** DATA EXTRACT **

*-*-*

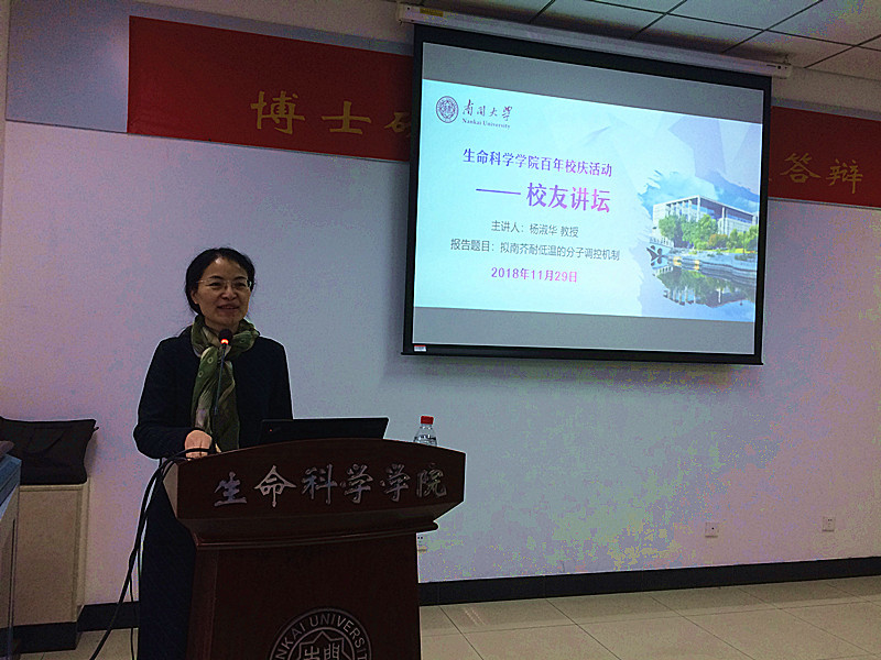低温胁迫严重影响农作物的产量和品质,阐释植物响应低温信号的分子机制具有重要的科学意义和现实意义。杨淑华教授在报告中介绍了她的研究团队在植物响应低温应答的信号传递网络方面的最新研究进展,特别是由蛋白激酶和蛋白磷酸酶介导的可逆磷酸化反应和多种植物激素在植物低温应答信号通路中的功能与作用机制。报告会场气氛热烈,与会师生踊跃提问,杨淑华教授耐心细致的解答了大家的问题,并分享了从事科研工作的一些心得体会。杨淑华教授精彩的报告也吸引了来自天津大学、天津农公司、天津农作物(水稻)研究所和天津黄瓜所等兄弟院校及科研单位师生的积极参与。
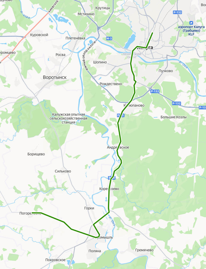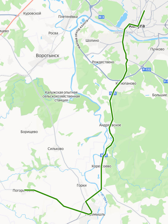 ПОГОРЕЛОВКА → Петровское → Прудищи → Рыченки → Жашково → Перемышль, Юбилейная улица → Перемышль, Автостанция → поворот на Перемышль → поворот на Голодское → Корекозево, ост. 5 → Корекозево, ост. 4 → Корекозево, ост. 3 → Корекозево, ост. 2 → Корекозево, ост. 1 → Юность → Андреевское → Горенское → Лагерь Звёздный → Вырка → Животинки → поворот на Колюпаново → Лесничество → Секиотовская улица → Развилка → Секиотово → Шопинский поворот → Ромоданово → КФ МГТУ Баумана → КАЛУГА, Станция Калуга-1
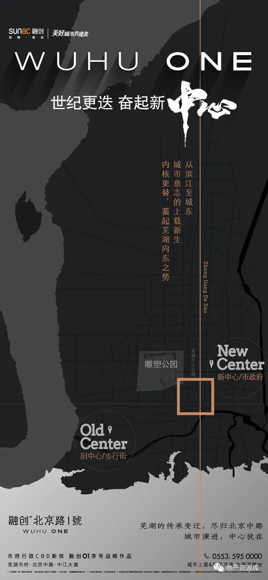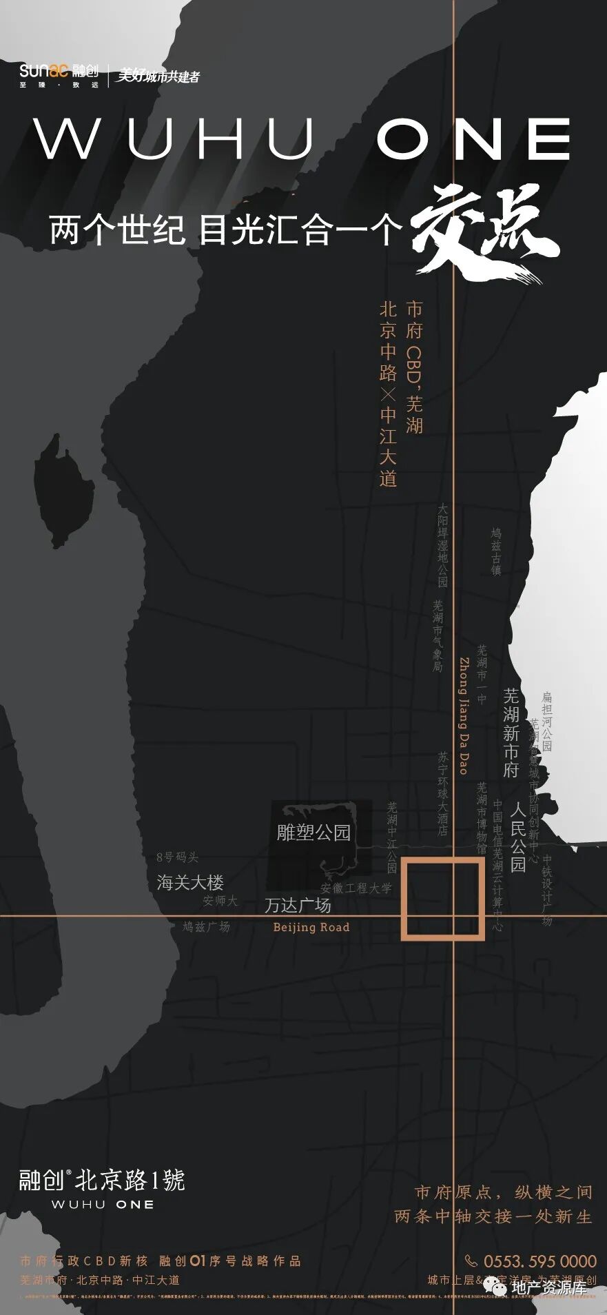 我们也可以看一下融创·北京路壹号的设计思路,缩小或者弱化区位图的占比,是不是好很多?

*-*-*

A verbatim copy is needed of the lines running from the line with "ПОГОРЕЛОВКА → Петровское" to the end of the data above, both included. Keep the pictures out of it.

 ПОГОРЕЛОВКА → Петровское → Прудищи → Рыченки → Жашково → Перемышль, Юбилейная улица → Перемышль, Автостанция → поворот на Перемышль → поворот на Голодское → Корекозево, ост. 5 → Корекозево, ост. 4 → Корекозево, ост. 3 → Корекозево, ост. 2 → Корекозево, ост. 1 → Юность → Андреевское → Горенское → Лагерь Звёздный → Вырка → Животинки → поворот на Колюпаново → Лесничество → Секиотовская улица → Развилка → Секиотово → Шопинский поворот → Ромоданово → КФ МГТУ Баумана → КАЛУГА, Станция Калуга-1
 我们也可以看一下融创·北京路壹号的设计思路,缩小或者弱化区位图的占比,是不是好很多?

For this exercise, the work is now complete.